Deity does no irrational things, nature is always logical and consistent, and where there is such vast resources of substance and power bestowed, as in our sun and the eighteen millions of suns of the universe, it was not for the purpose of making bonfires and blazing furnaces of them. But they were created for vaster, more perfect theatres of intelligent life and activities. Besides, burning them up could bestow no benefit on the planets; the heat could not reach them, and if it could it is only a sensation, and sensation cannot produce vegetable or animal life, or control the earth's motion.

One of the greatest of modern discoveries is that heat is not a substance but a sensation, produced by electric currents. So that eighteen millions to one hundred millions of suns do not need to be burning up to furnish electric currents to their planetary worlds. And our sun is not burning up thirty quintillions cubic feet of itself annually, and a hundred millions of suns many a thousand times larger than ours are not burning up a thousand times more of themselves, as the astronomers claim, and the whole thing is a great absurdity and superstition.
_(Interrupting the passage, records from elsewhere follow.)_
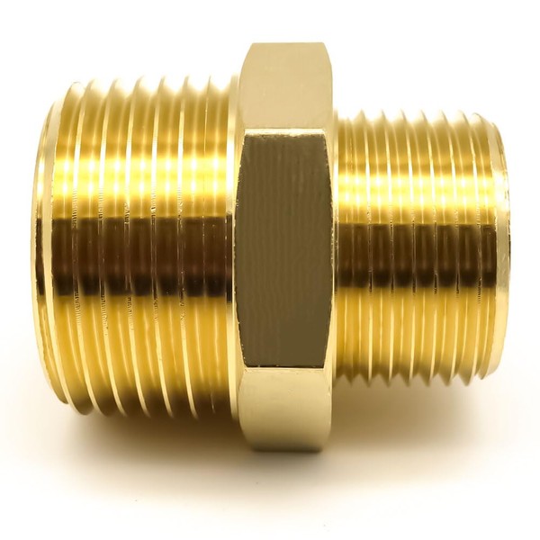 AHFMANG 2PCS Brass Reducing Hex Nipple 1" NPT × 3/4" NPT Male Pipe Fitting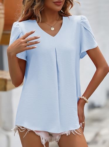 Women’s Chiffon Blouses V Neck Short Sleeve Tops Summer Casual Business Shirt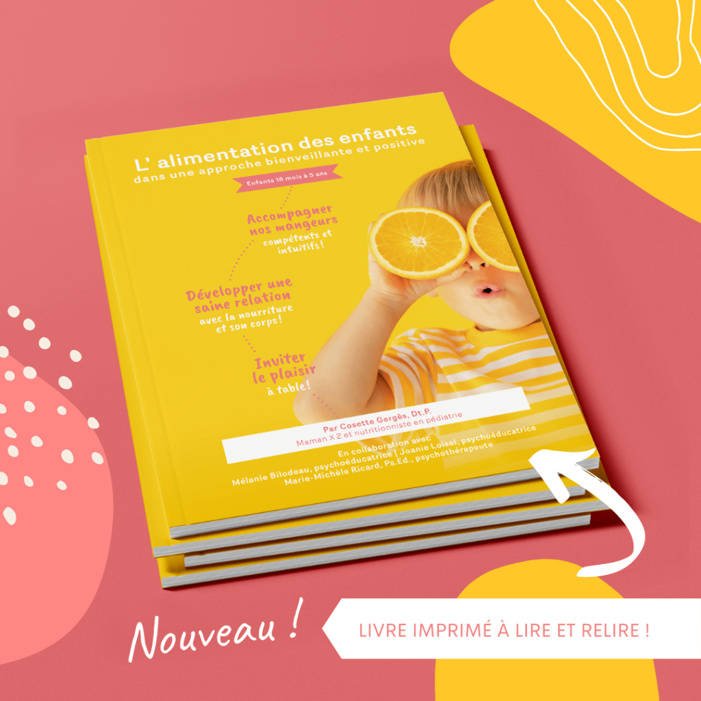 Pour eux et avec eux, vers une saine relation avec la nourriture et son corps. Ce livre s’adresse aux parents d’enfants âgés de 18 mois à 5 ans mais les notions abordées s’appliquent également auprès des enfants d’âge scolaire.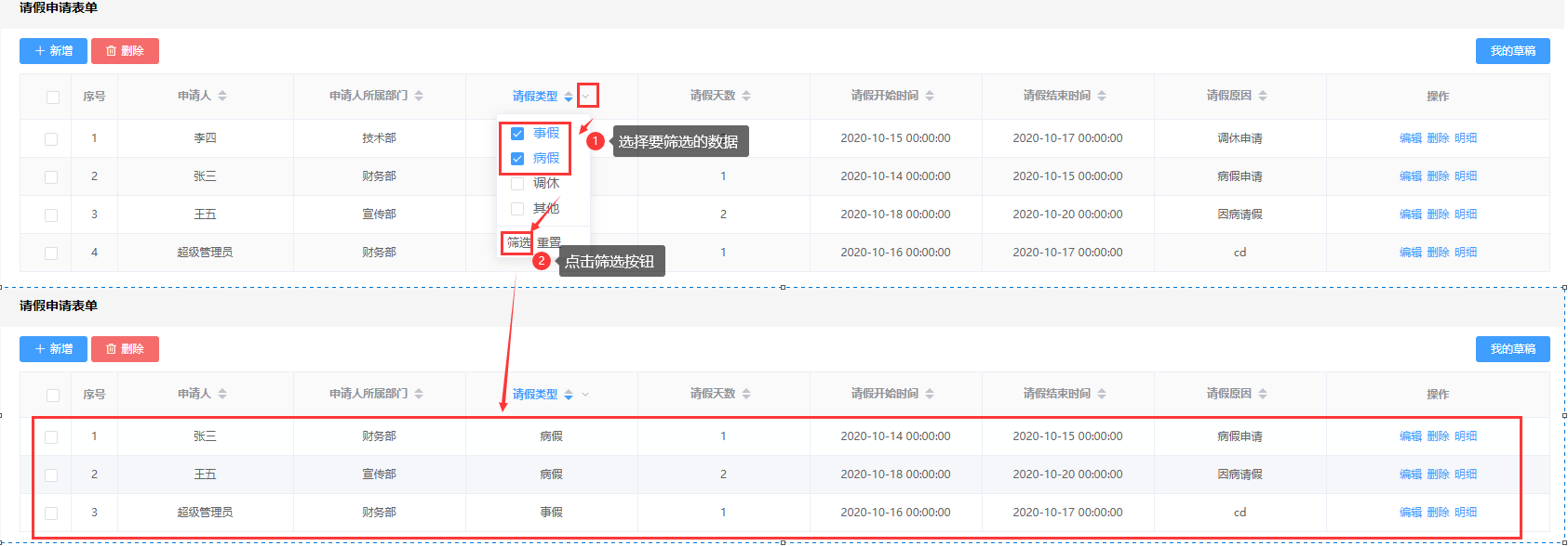 数据过滤:即可针对不同的情况展示不同的数据(如:当前用户只能查看自己添加的数据)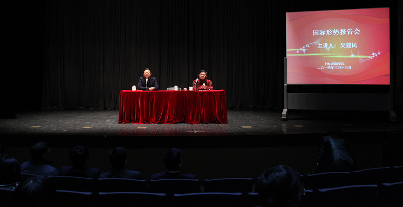 3月13日下午,前驻法国大使、前外交学院院长吴建民应邀来我校做国际形势报告会。报告会在端钧剧场举行,由党委书记楼巍主持,党委副书记胡敏以及学校全体中层干部、离退休老同志和教职工代表、学生代表出席。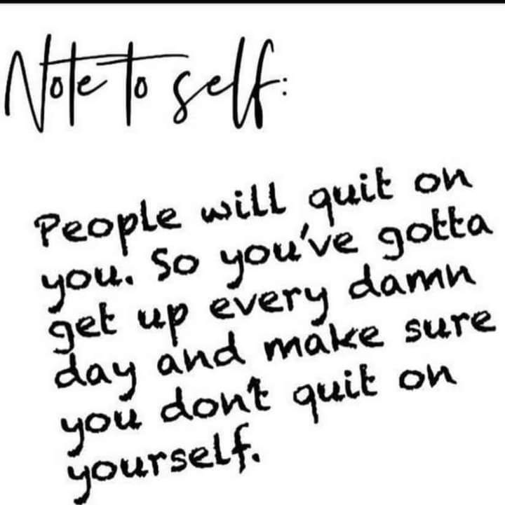 - “Note to Self: People will quit on you. So you’ve gotta get up every damn day and make sure you don’t quit on yourself.” – Unknown

CHAPTER IX AT PRESENT SCIENCE IS IN A DUBIOUS AND CHAOTIC CONDITION

The last few years have been remarkable for the diligence with which scientists have scrutinized every phenomena of nature, and the abundance of new facts which have rewarded their researches.

They have also been remarkable for the changes in scientific opinions, which usually are so gradual as to be imperceptible, but which have recently taken on the speed of the earth's solar revolution in their transition from the old to new theories.

The vast body of scientists are seldom a unit in the acceptance of any theory, even of the most fundamental nature. And where there is such diversity of belief each student of nature is entitled to form his own opinions and beliefs.

But the most pitiable and unfortunate of the one-sided scientists are those who would banish logic from the realms of physics, and who regard a deduction or a theory as an enemy of science; who heap scorn on analytic reason—the highest gift of Deity to man—and who deem the tabulation of dry facts without causes the only purpose of science. Who want science fenced in with a stone wall and separated from religion and philosophy, and the earth cut up into sections and labelled astronomy, chemistry, geology, and so on ad infinitum; as if nature knew anything about astronomy, chemistry or geology, or ever considered anything but the unity and harmony of the whole universe, which includes science, religion and philosophy, one and inseparable, as God and nature are inseparable.